La más notable era una fidelidad rara, asidua, perfecta, bien digna de ser presentada como ejemplar a las enamoradas francesas. Algo admirable: Durante las cuatro semanas en las que no me rechazó nada de lo que incluso es imposible de conceder, solamente una vez la sorprendí sentada, además casi vestida, sobre las rodillas de un muchacho de muy mala pinta, vestido con un traje de cuadros verdes sobre fondo rosa, que había ido a hacerle una visita – añadid además que yo era el único culpable, pues al fin y al cabo, ¿por qué había empujado tan impetuosamente la puerta? – y, más tarde, después de la imprevista aventura donde perdí, por mi culpa, sí, por mi gran culpa, la esperanza de ser amado por ella, supe hasta no poder dudar, que ella no había ofrecido la hospitalidad de todo su querido cuerpo de lis y de rosa más que a tres o cuatro de mis queridos camaradas.
¡Oh, fidelidad admirada que tantos encantos hacían más meritoria y más preciosa!
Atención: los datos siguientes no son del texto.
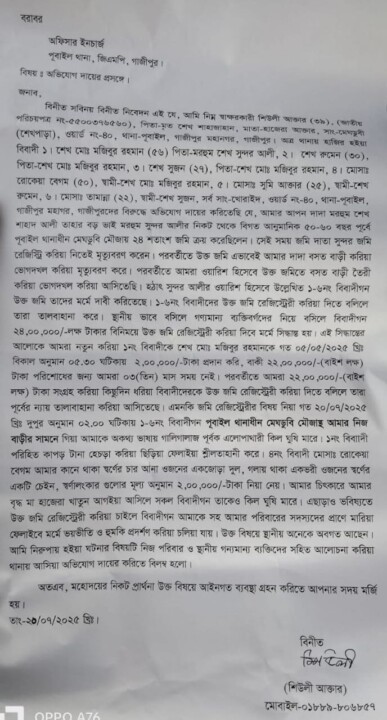 পূবাইলে ৫০-৬০ বছরের দখলীয় জমিতে বাঁধা , শ্লীলতাহানি ,বাড়িঘর ভাংচুর ও লুটপাটের অভিযোগ উঠেছে ঐ খোরাইদ এলাকার সুন্দর আলীর ছেলে মুজিবর ও তার পরিবারের বিরুদ্ধে।ঘটনাটি ঘটে রবিবার দুপুরে ৪০ নং ওয়ার্ডের মেঘডুবী শেখ বাড়ী উত্তর পাড়া এলাকায়।ভুক্তভোগী পরিবারের পক্ষে মৃত শাহজাহানের মেয়ে শিউলি আক্তার শেখ মুজিবুর রহমান,শেখ রুমেন, শেখ সুজন, রোকেয়া বেগম,সুমি আক্তার, তামান্নাসহ ৬ জনকে আসামী করে পূবাইল থানায় একটি লিখিত অভিযোগ দায়ের করেন।অভিযোগ সূত্রে জানা যায় বিগত ৫০ থেকে ৬০ বছর পূর্বে মেঘডুবি মৌজাস্হিত মরহুম শেখ সুন্দর আলীর নিকট হতে তার আপন সহোদর ভাই শেখ শাহাদ আলী ২৪ শতাংশ জমি ক্রয় করে বর্তমানে ভোগ দখল করা অবস্থায় হঠাৎ করে রবিবার দুপুরে মৃত শাহজাহানের পরিবারের উপর অতর্কিত হামলা চালায় সুন্দর আলীর ছেলে শেখ মুজিবর ও তার পরিবারের লোকেরা এতে করে নগদ টাকা ও স্বর্ণালংকার লুট করে নিয়ে গেছে বলে জানায় ভুক্তভোগী শিউলি আক্তার ও তার পরিবার।এলাকাবাসী জানান শাহাদ আলী ও তার ছেলে শাহজাহান দীর্ঘদিন ধরে ঘরবাড়ি নির্মাণ করে এ জমি ভোগ দখল করে আছে তারা আরও জানান,শেখ শাহাদ আলী ও তার ছেলে শেখ শাহজাহান জীবিত থাকা অবস্থায় কেউ এই জমি দাবি করে নাই।গত তিন মাস পূর্বে স্থানীয় বিএনপি নেতা নূর মোহাম্মদ নূর আলী ও কিছু গণ্যমান্য ব্যক্তিবর্গের নতুন করে সিদ্ধান্ত দেয় যে যেহেতু তল্লাশী দিয়ে ও পুরাতন দলিল খুঁজে পাওয়া যাচ্ছে না সে লক্ষে সামাজিক বিচারে সিদ্ধান্ত হয় ২৪ শতাংশ জমি ২৪ লক্ষ টাকা পুনরায় ভুক্তভোগী পরিবারের পক্ষ থেকে সুন্দর আলীর ছেলে মজিবুর গং দের দিলে তারা নতুন দলিল করে দিবে বলে ২ লক্ষ টাকা নগদ নেয়।এদিকে ভুক্তভোগীদের দাবি হামলাকারীরা তাদের প্রয়োজনীয় কাগজপত্র ও দালিলিক বস্তু চুরি করে নিয়ে গেছে
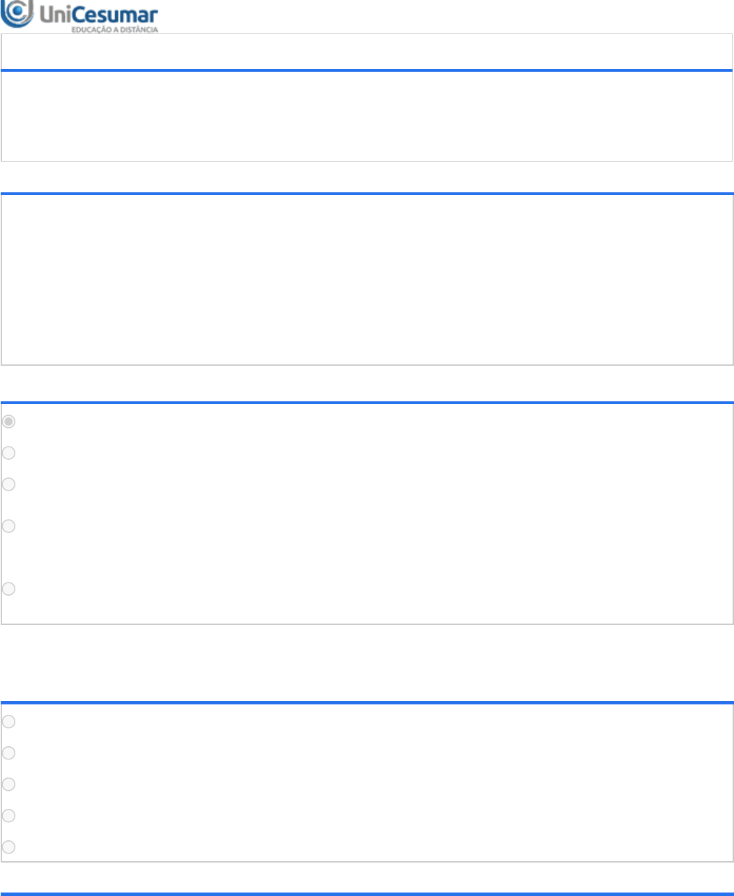 ATIVIDADE 2 - ADM (M.N)- GESTÃO DA INOVAÇÃO E TECNOLOGIA - 2021A Período:01/03/2021 08:00 a 19/03/2021 23:59 (Horário de Brasília) Status:ENCERRADO Nota máxima:1,50 Gabarito:Gabarito será liberado no dia 20/03/2021 00:00 (Horário de Brasília) Nota obtida:1,05 1ª QUESTÃO A inovação precisa ser um fator determinante para cada tomada de decisão estratégica. Portanto, ela precisa nortear a transformação digital e o capital humano para que a empresa tenha uma boa vantagem competitiva. Disponível em: <https://inspiredigital.com.br/inovacao-transformacao-digital-capital-humano-entenda-a- relacao-entre-esses-3-conceitos/>. Acesso em: 22 jan. 2021. (Adaptado) A partir do exposto e, sobre inovação e sua relação com o capital humano, é possível afirmar que: ALTERNATIVAS Deve-se criar uma cultura que fortaleça os valores individuais de cada funcionário. O trabalho em equipe, enquanto cultura, deve ser evitado quando se fala em inovação. A cultura organizacional voltada para a inovação por si só garante o sucesso da inovação. O sucesso da inovação depende mais da tecnologia disponível do que da disposição e comprometimento das pessoas em realizar o que foi proposto. A cultura organizacional deve, especialmente, no que se refere ao capital humano, propiciar um ambiente que favoreça a motivação do indivíduo em colocar em prática as ideias propostas, porém, caso ele não esteja disposto, nada acontece. Atenção! Questão anulada. ALTERNATIVAS I e II, apenas. II e III, apenas. I, III e IV, apenas. II, III e IV, apenas. I, II, III e IV. 3ª QUESTÃO Quase todas as empresas, hoje, sejam elas grandes, médias ou pequenas, estão de olho em termos como inovação e disrupção. Estar atento a isso é, sem dúvidas, condição necessária para que essas empresas se mantenham relevantes. O problema, contudo, é que boa parte das pessoas e empresas pensam que “inovação” e “tecnologia” são a mesma coisa e não são. Disponível em: <https://escolaconquer.com.br/inovacao-e-sobre-pessoas-nao-sobre-tecnologia/>. Acesso em: 23 jan. 2021. (Adaptado) Considerando o exposto e os estudos sobre conceitos e importância da inovação e tecnologia para manutenção das empresas no mercado, pode-se afirmar que: ALTERNATIVAS Inovação consiste exclusivamente em apostar na invenção tecnológica e criação de um novo produto. Investimento em tecnologia é o ponto chave para o sucesso de uma organização, especialmente quando o assunto é inovação. O desenvolvimento de uma cultura de inovação requer intensa valorização do capital tangível que compõe o contexto organizacional. Promover uma cultura organizacional para promoção da inovação requer a valorização das pessoas, pois são elas que possuem capacidade para evoluir e inovar. A cultura organizacional voltada para a motivação das pessoas impacta de forma negativa quando se pretende inovar, pois as pessoas são resistentes às mudanças. 4ª QUESTÃO No período de 2015 a 2017, 33,6% de um universo de 116.962 empresas brasileiras com dez ou mais trabalhadores fizeram algum tipo de inovação em produtos ou processos. Essa taxa de inovação ficou 2,4 pontos percentuais abaixo da apresentada no triênio anterior de 2012-2014, quando alcançou 36%. As informações constam da Pesquisa de Inovação (Pintec) 2017, que o Instituto Brasileiro de Geografia e Estatística (IBGE) divulgou no dia 16 de abril de 2020 com dados sobre o esforço de empresas dos setores da indústria, serviços e eletricidade e gás - entre 2015 e 2017 - para a inovação de produtos e processos, conforme gráficos abaixo. Disponível em: <https://agenciabrasil.ebc.com.br/economia/noticia/2020-04/ibge-336-das-empresas- brasileiras-sao-inovadoras>. Acesso em: 23 jan. 2021. Fonte: Disponível em: <https://biblioteca.ibge.gov.br/visualizacao/livros/liv101706_informativo.pdf>. Acesso em: 23 jan. 2021. A partir do exposto e considerando os estudos sobre os tipos de inovação, avalie as afirmações a seguir. I. Os dados apresentados mostram que as organizações brasileiras investem mais em inovação de processo. II. Os dados apresentados mostram que as organizações brasileiras investem mais em inovação de produto. III. Os dados apresentados revelam que as organizações brasileiras não investem em inovação de paradigma e de posição. IV. Os dados apresentados revelam que no triênio 2015-2017 os investimentos em inovação de processo representaram um percentual de 9,7% a mais do que na inovação em produto. ALTERNATIVAS I e II, apenas. II e III, apenas. I, III e IV, apenas. II, III e IV, apenas. I, II, III e IV. 5ª QUESTÃO A evolução do uso da tecnologia aconteceu em ritmo acelerado nos últimos anos. Quando houve a virada do milênio, pouca gente imaginava que em apenas duas décadas o mundo iria evoluir tanto. A internet se popularizou a ponto de ficar acessível para boa parte da população. Biometria, reconhecimento facial, Internet das Coisas, Inteligência Artificial e outras tecnologias deixaram de ser "coisas futuristas" e passaram a fazer parte no nosso dia a dia. Nesse contexto, compreender o conceito de tecnologia é fundamental para que as empresas possam utilizá-la corretamente. Disponível em: <https://blog.sled.com.br/evolucao-do-uso-da-tecnologia-ao-longo-dos-ultimos-anos/>. Acesso em: 23 jan. 2021. (Adaptado) Considerando o exposto e os estudos sobre tecnologia, pode-se afirmar que seu real significado está associado: ALTERNATIVAS ao conjunto de conhecimentos e serviços ofertados pelo setor de informática. ao uso de aparelhos eletrônicos que permite a compra de produtos e serviços via internet. ao uso de ferramentas computacionais por organizações para produção de bens ou serviços. ao conjunto de conhecimentos da ciência e das engenharias para resolução de problemas. ao conjunto de conhecimentos, ferramentas e técnicas da ciência e da experiência prática que permitem a produção d

Cuando pienso que, por un vano respeto hacia los más estúpidos prejuicios, por una pusilanimidad desconocida en los peores cobardes, he renunciado para siempre a la incomparable Rosa-y-Lis, el desprecio por mí mismo exaspera mi desesperación, e, inclinado hacia el espejito donde ella se miraba antaño, cuento sin piedad mis lágrimas una a una goteando, mis lágrimas, perlas dispersas del collar de dicha con la que ella me había atado…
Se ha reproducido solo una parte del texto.